▶ _WORK ORDER_
If an entry holds an image, leave that image out and transcribe everything else exactly.

▶ _RECORDS_
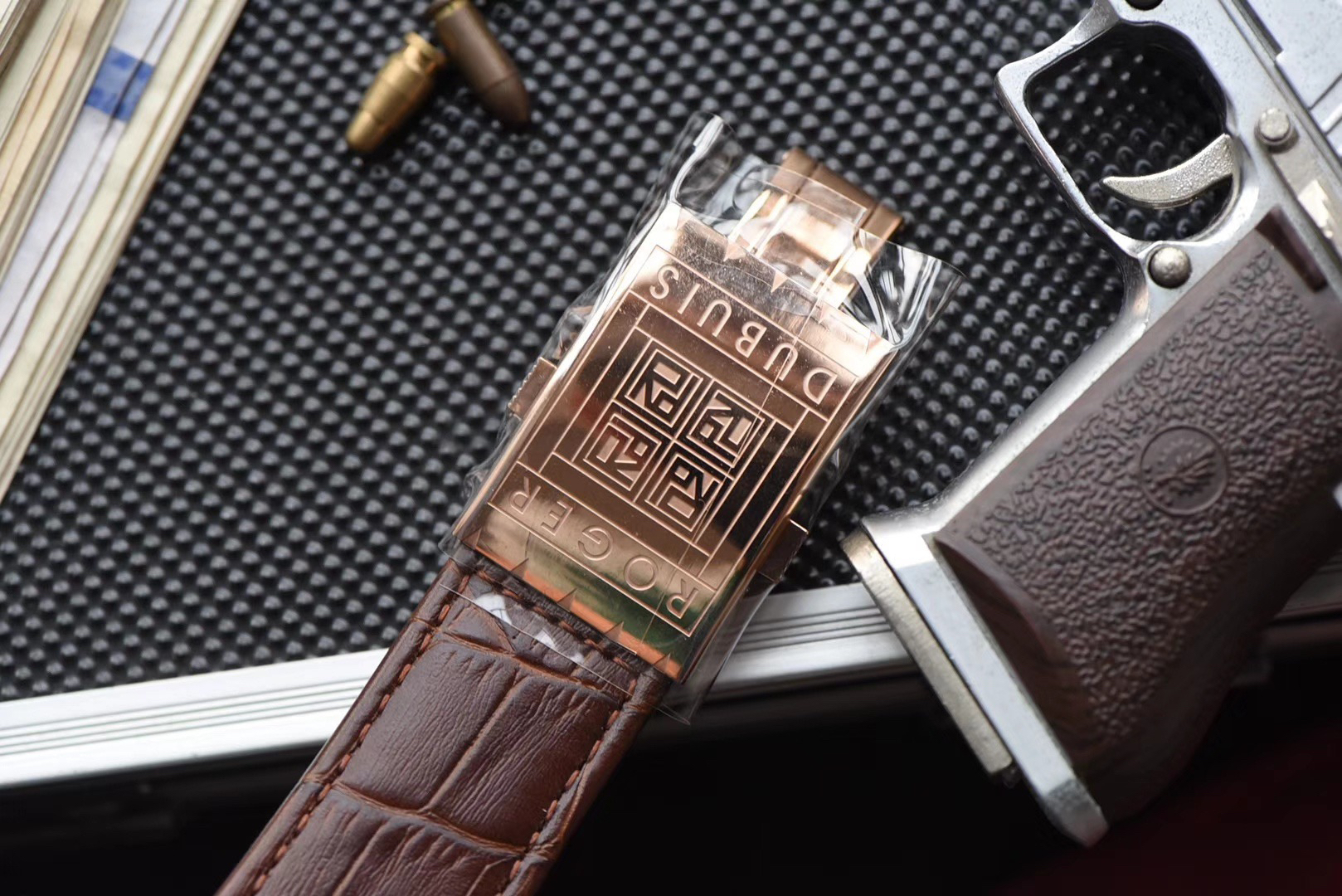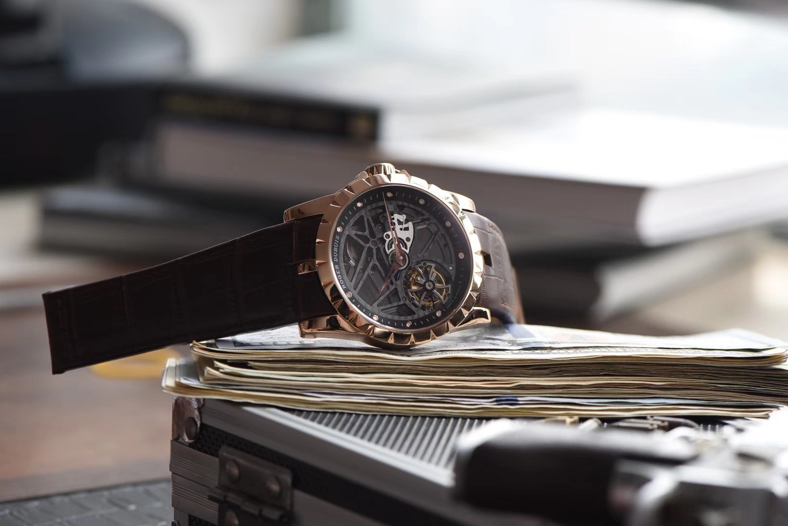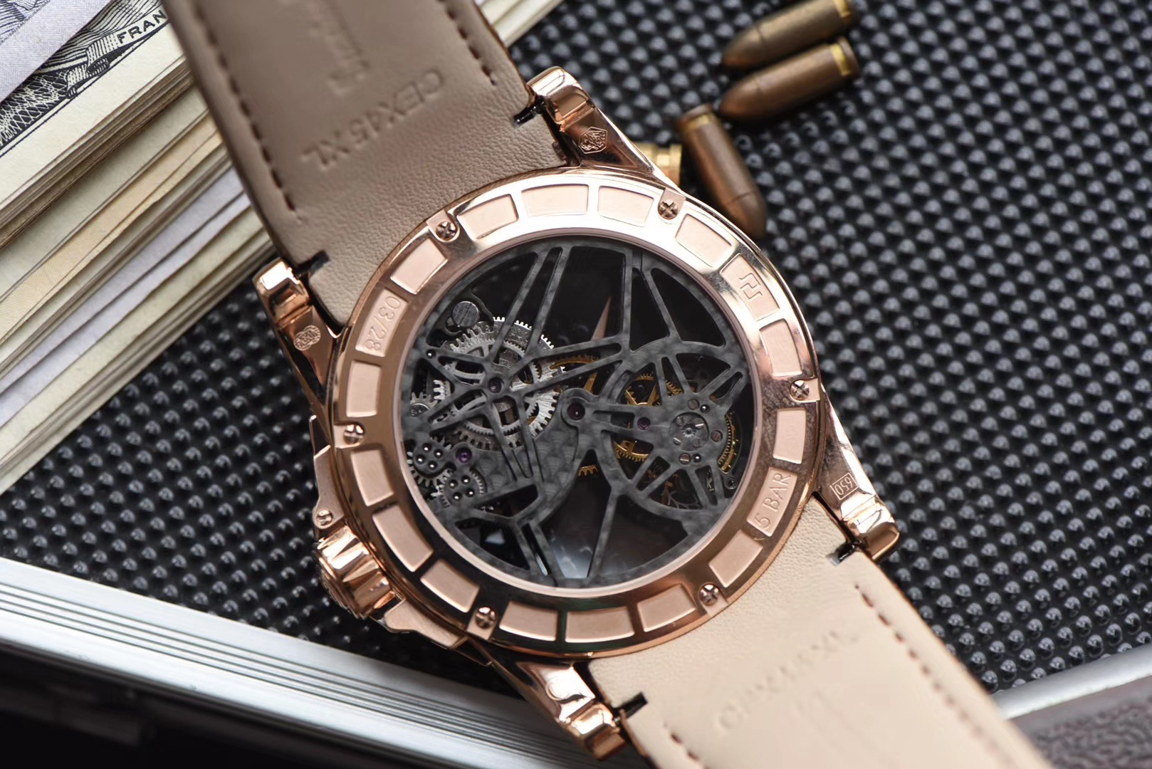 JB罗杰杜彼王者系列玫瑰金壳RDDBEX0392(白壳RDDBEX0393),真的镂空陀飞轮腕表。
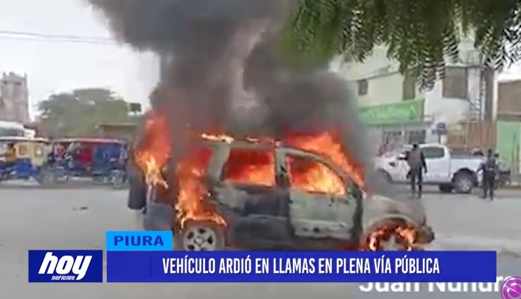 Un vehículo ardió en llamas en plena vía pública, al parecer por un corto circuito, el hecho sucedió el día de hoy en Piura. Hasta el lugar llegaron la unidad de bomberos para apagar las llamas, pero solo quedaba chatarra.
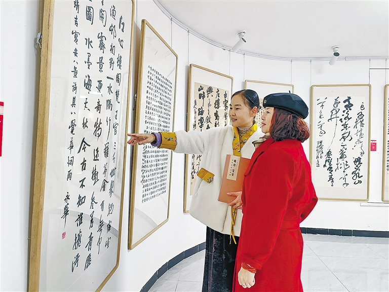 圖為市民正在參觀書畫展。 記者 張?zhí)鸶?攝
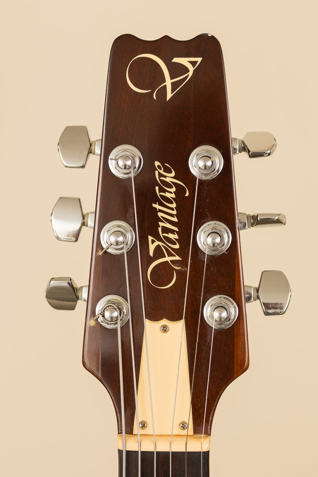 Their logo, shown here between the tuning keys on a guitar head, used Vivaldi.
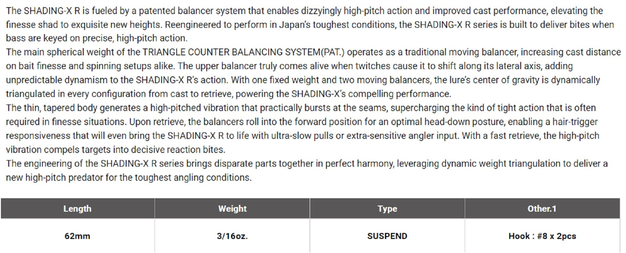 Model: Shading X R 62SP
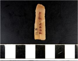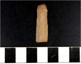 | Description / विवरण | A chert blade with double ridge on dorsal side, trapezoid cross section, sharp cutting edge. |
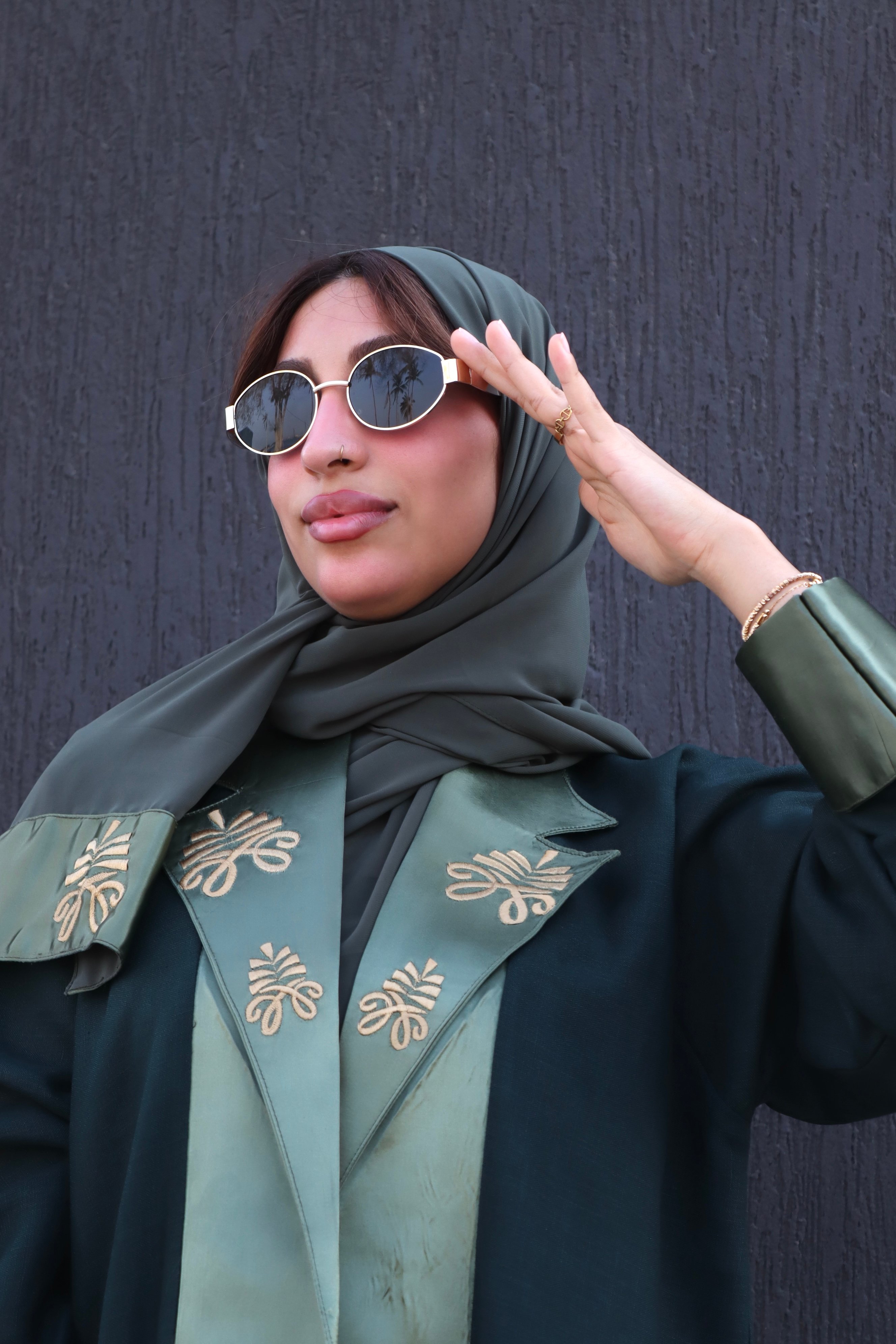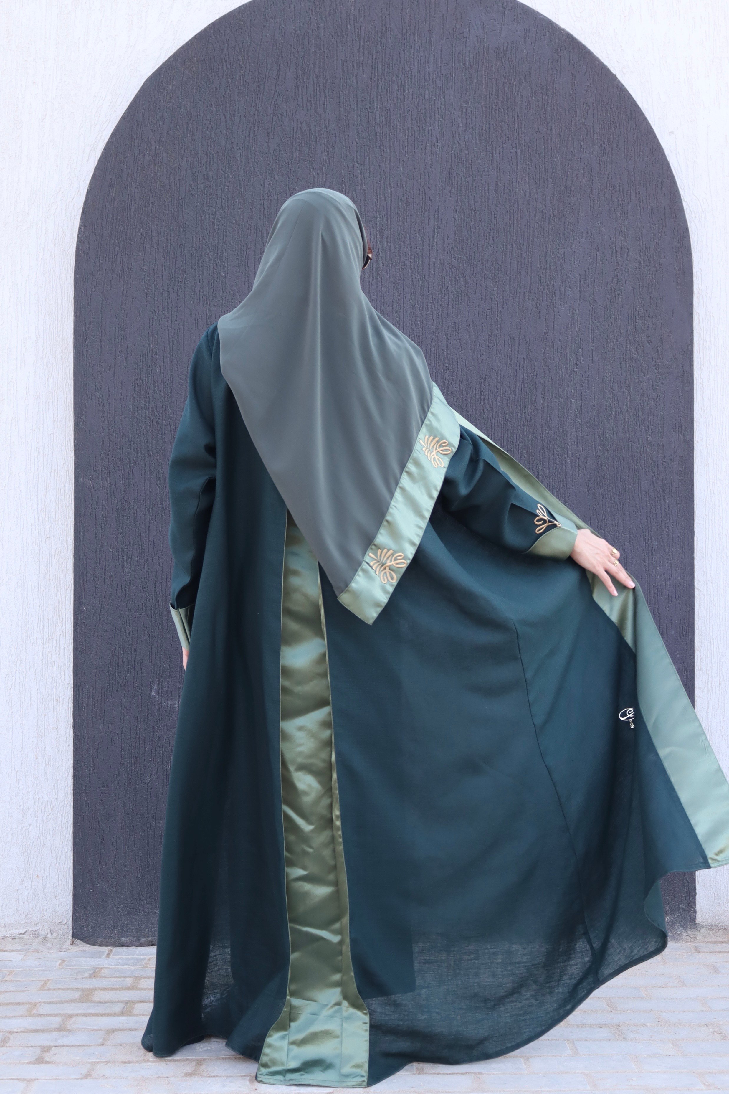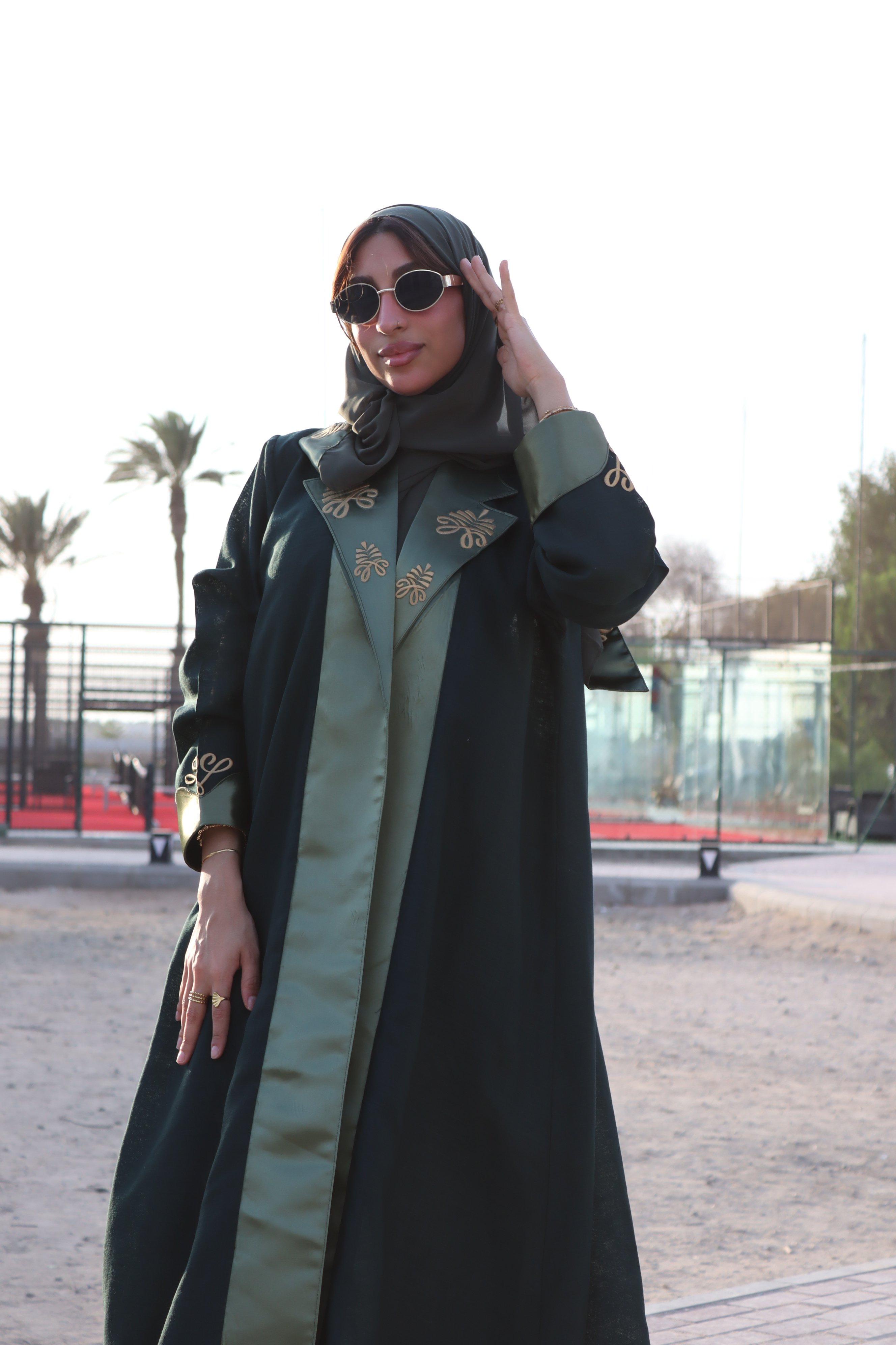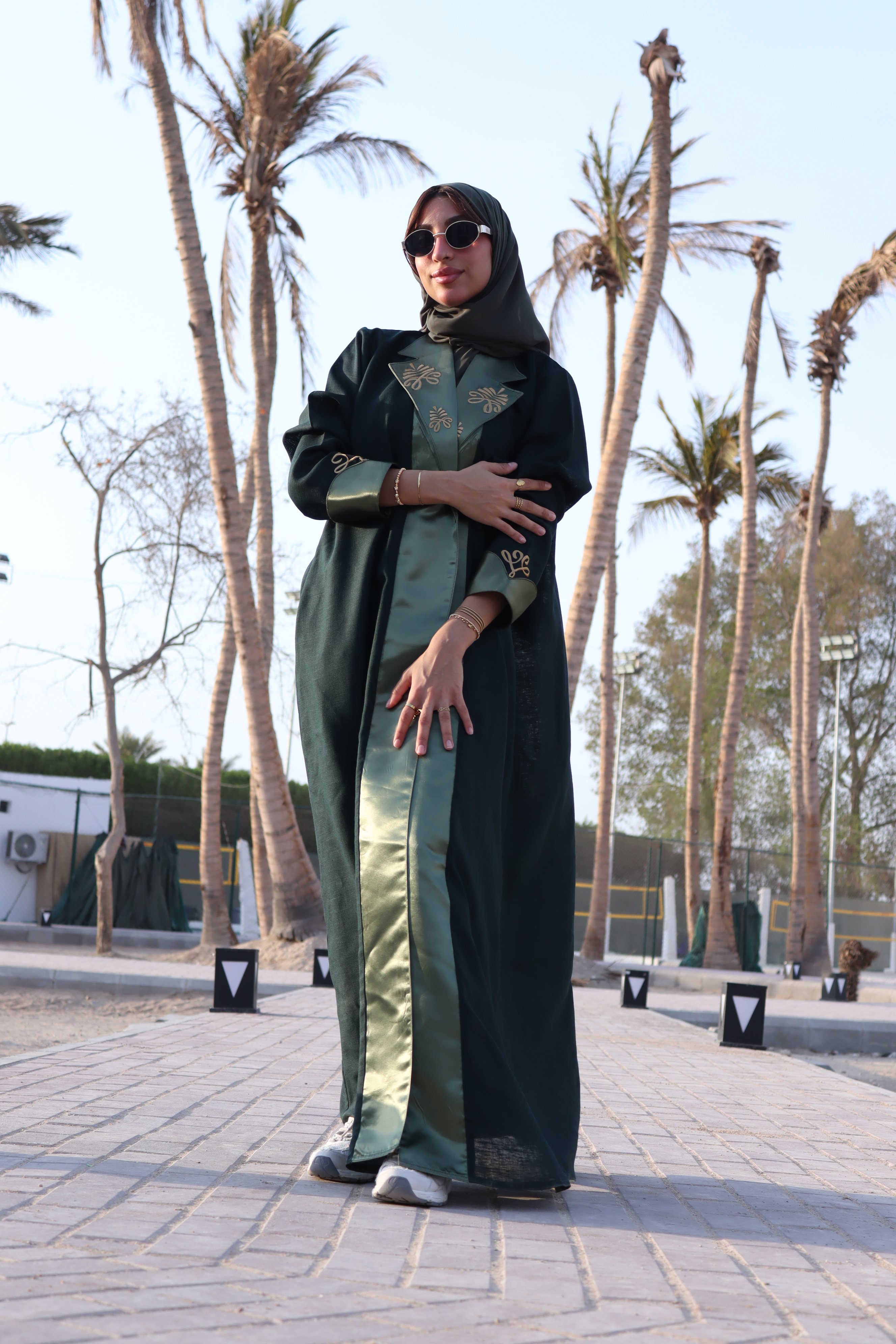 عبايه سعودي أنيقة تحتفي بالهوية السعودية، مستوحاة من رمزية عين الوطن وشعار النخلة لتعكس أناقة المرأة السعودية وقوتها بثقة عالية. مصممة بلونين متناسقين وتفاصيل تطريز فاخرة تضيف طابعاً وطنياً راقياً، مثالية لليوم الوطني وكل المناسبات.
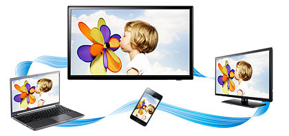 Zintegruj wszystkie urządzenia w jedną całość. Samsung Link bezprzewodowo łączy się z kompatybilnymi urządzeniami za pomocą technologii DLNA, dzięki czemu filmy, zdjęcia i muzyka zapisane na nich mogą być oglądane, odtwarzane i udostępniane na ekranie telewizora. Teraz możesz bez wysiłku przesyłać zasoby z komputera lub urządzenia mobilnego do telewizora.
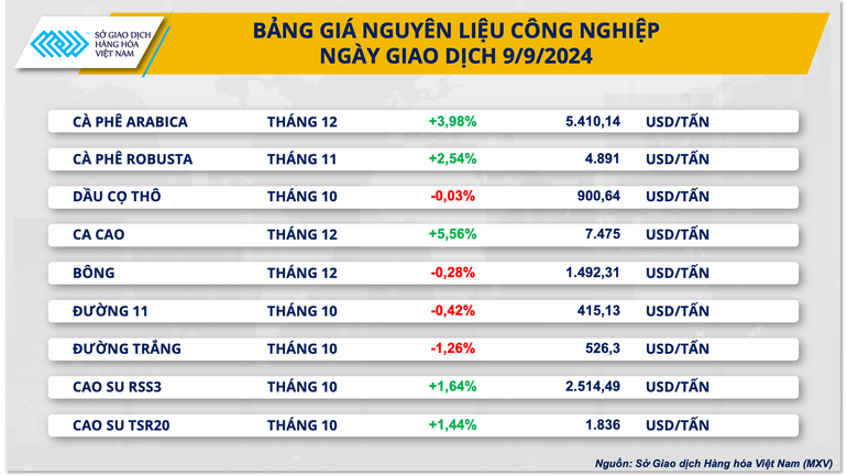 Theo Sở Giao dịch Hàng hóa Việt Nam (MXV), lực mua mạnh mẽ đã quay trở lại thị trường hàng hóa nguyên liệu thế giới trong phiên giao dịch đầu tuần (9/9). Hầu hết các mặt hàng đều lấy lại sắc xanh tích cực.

▶ _OUTPUT_
 JB罗杰杜彼王者系列玫瑰金壳RDDBEX0392(白壳RDDBEX0393),真的镂空陀飞轮腕表。
 Un vehículo ardió en llamas en plena vía pública, al parecer por un corto circuito, el hecho sucedió el día de hoy en Piura. Hasta el lugar llegaron la unidad de bomberos para apagar las llamas, pero solo quedaba chatarra.
 圖為市民正在參觀書畫展。 記者 張?zhí)鸶?攝
 Their logo, shown here between the tuning keys on a guitar head, used Vivaldi.
 Model: Shading X R 62SP
 | Description / विवरण | A chert blade with double ridge on dorsal side, trapezoid cross section, sharp cutting edge. |
 عبايه سعودي أنيقة تحتفي بالهوية السعودية، مستوحاة من رمزية عين الوطن وشعار النخلة لتعكس أناقة المرأة السعودية وقوتها بثقة عالية. مصممة بلونين متناسقين وتفاصيل تطريز فاخرة تضيف طابعاً وطنياً راقياً، مثالية لليوم الوطني وكل المناسبات.
 Zintegruj wszystkie urządzenia w jedną całość. Samsung Link bezprzewodowo łączy się z kompatybilnymi urządzeniami za pomocą technologii DLNA, dzięki czemu filmy, zdjęcia i muzyka zapisane na nich mogą być oglądane, odtwarzane i udostępniane na ekranie telewizora. Teraz możesz bez wysiłku przesyłać zasoby z komputera lub urządzenia mobilnego do telewizora.
 Theo Sở Giao dịch Hàng hóa Việt Nam (MXV), lực mua mạnh mẽ đã quay trở lại thị trường hàng hóa nguyên liệu thế giới trong phiên giao dịch đầu tuần (9/9). Hầu hết các mặt hàng đều lấy lại sắc xanh tích cực.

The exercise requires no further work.